Though, technically, all movies that glorify the military, are propaganda films—totally dehumanising the dead from the rival force.And, indeed, any cause, as it were, that nations go to war for.But this isn’t so much about enemies at war, nor is it just video-game like mindless action. 

In its simplicity, it’s still the ’80s Top Gun.Peter Pan Pete, single, no kids, has a love life, in the form of the lovely bar-owner (Jennifer Connelly). Iceman (Val Kilmer) is an ailing Admiral, who looks a bit like the late film-critic Roger Ebert (right before he passed on). Ebert didn’t think much of the original Top Gun, which is depressing (he’d just outgrown it I guess).

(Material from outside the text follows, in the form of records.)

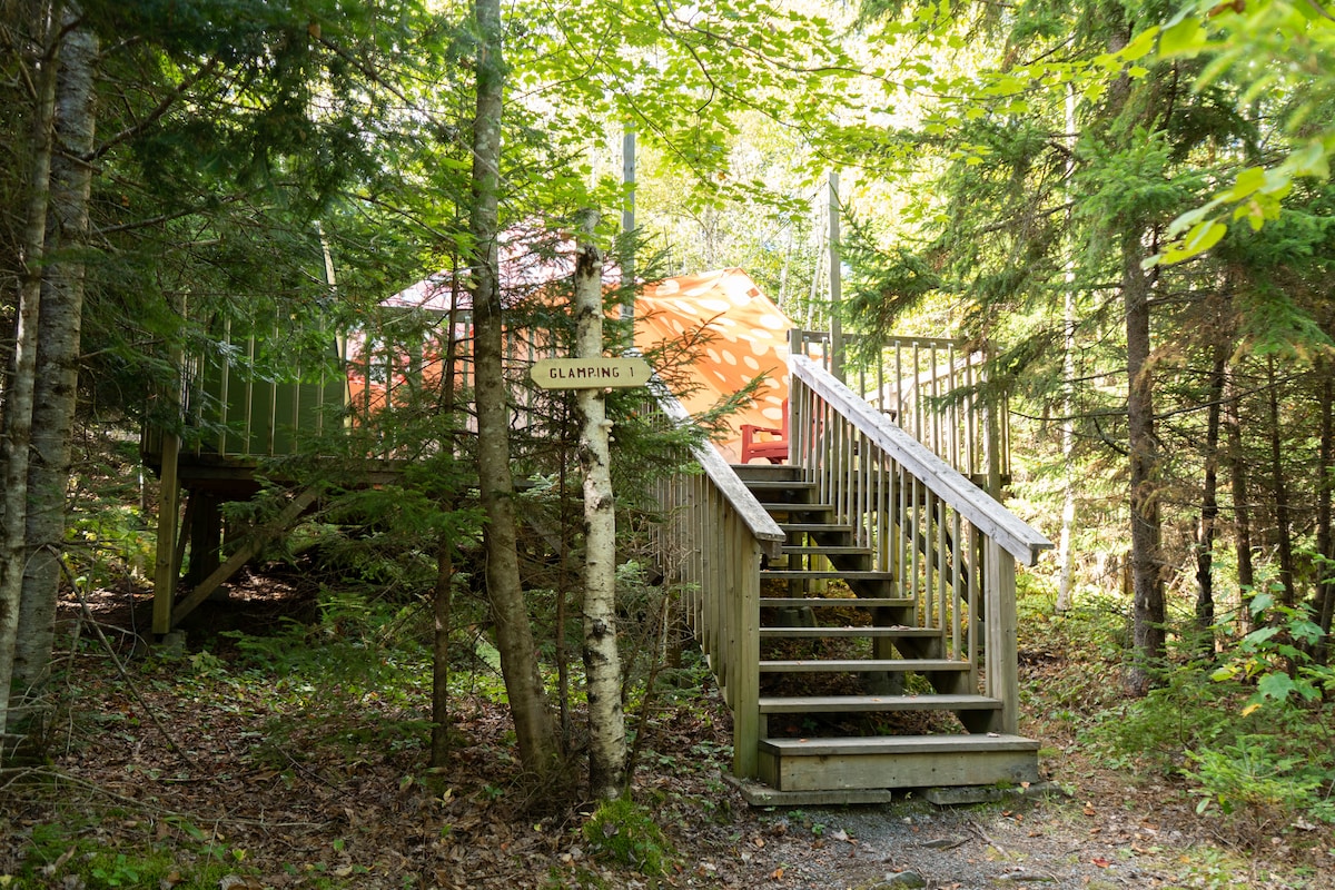 Tobique Traditions Glamping ofrece una escapada ecológica en el río Tobique. Este retiro con energía solar combina la comodidad moderna con la naturaleza. Los huéspedes se alojan en tiendas glamping con lo esencial, minimizando la huella de carbono. El entorno sereno, rodeado de bosques y aguas tranquilas, es perfecto para los amantes de la naturaleza y la relajación. Dos tiendas comparten un baño con ducha completa, lavabo al aire libre e inodoro de incineración, que funciona como un inodoro normal pero incinera los desechos en lugar de usar agua.
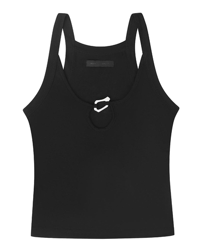 Топ HELIOT EMIL из трикотажного материала черного цвета в мелкий рубчик. Эластичное изделие облегающего силуэта с металлической деталью.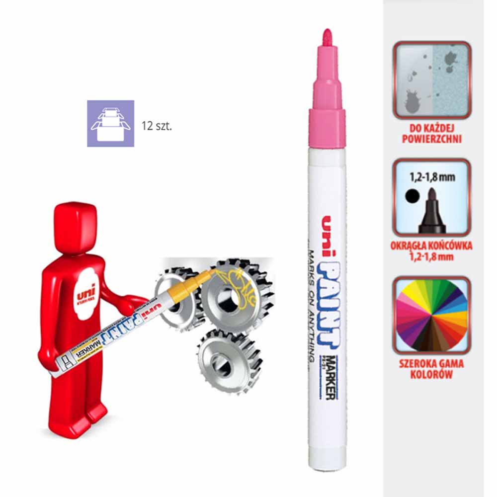 Marker olejowy UNI PX-20, w kolorze różowym, to niezastąpione narzędzie do znakowania wszelkiego rodzaju powierzchni: szorstkich, gładkich i tłustych. Bez względu na to, czy pracujesz z metalem, szkłem, kamieniem, plastikiem, styropianem czy drewnem, UNI PX-20 zapewnia wyraziste i trwałe oznaczenia.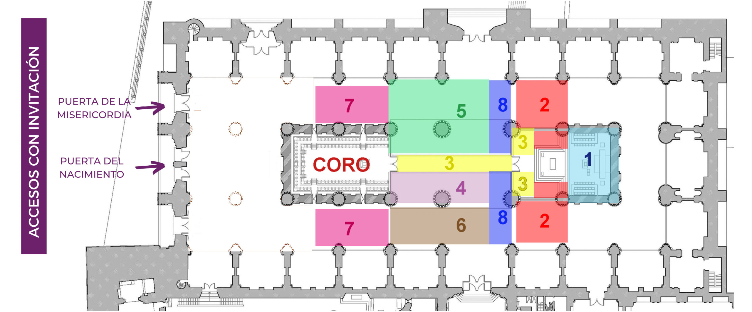 En la toma de posesión de Mons. José Luis Retana también estarán representados los organismos diocesanos, como los servicios y delegaciones; los arciprestazgos y sus parroquias; los movimientos y asociaciones, los religiosos y las cofradías, ubicados en diferentes zonas de la Catedral Nueva, distribuidos por colores que están identificados en las invitaciones, en un total de 8 zonas.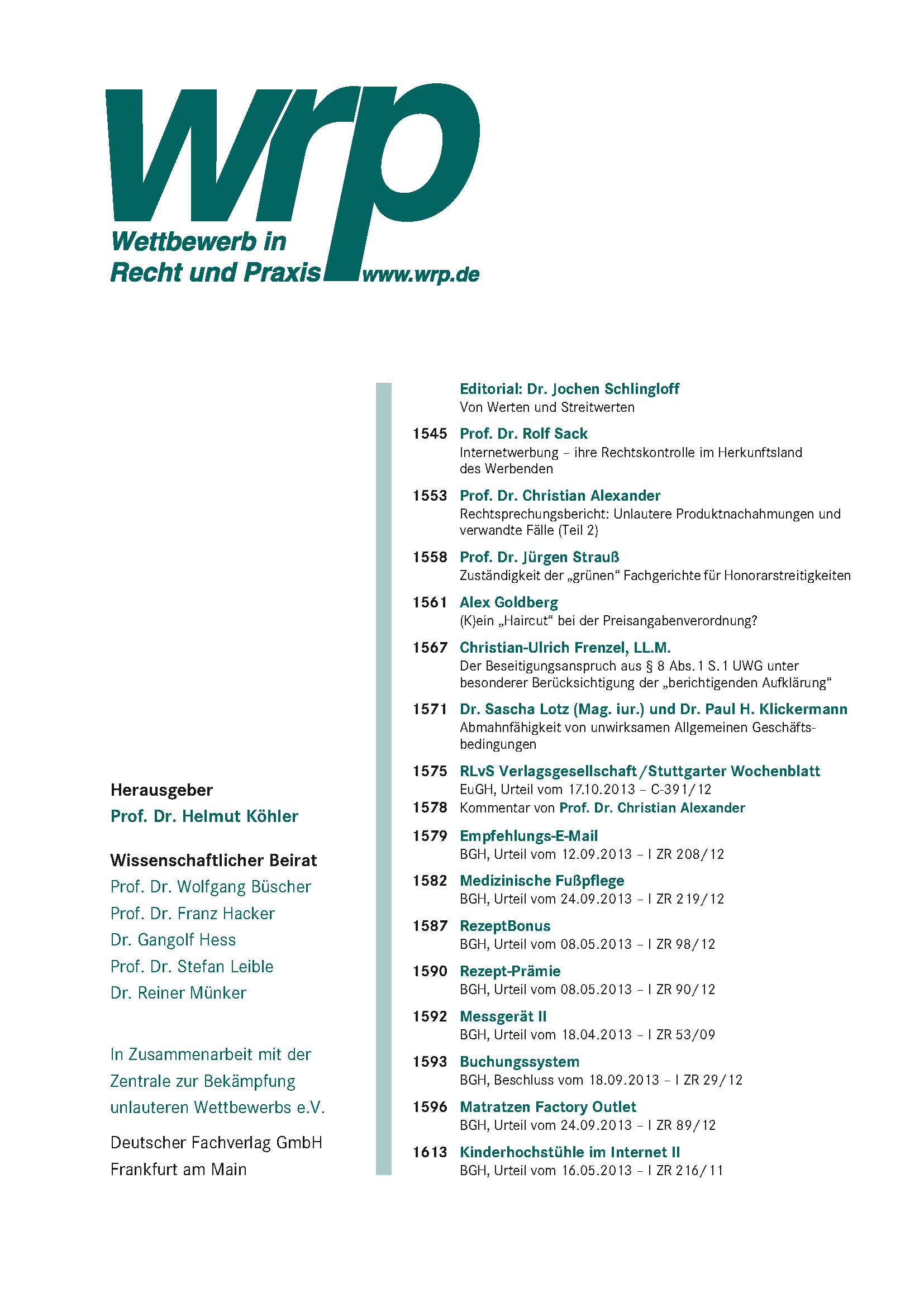 Den Aufsatz Schirmbacher/Schätzle, Einzelheiten zulässiger Werbung per E-Mail, WRP 2014, 1143 stellen wir Ihnen gerne hier als PDF zum Download zur Verfügung.

Pete’s deceased wingman Goose’s (Anthony Edwards) son Roosteris his protégé of sorts in this film. That’s actor Miles Teller (Whiplash), gifted with a face that reveals so much of what’s going on in his head, when he does/says nothing. It’s the young naval aviators flying the planes this time. 

Pete is still leading the team—he’s not gonna be happy merely being the instructor, of course. Each character, and their basic emotions, drama, action, perfunctorily matter.And women are there for Tom, still.

Here’s what this Bombay film star, touching 60, is telling Hollywood through Top Gun: Maverick—stop turning your heroes into fake super-heroes, and alter-egos of machines and flying objects, decaying their talents and charms inside costumes with nuts and bolts. 

We’re getting tired marvelling at the same things. Be more like Bollywood. Give us back the basic heroes of yore. Or maybe, like MJ or Bruce Lee, there really is no one as globally universal as Tom anymore?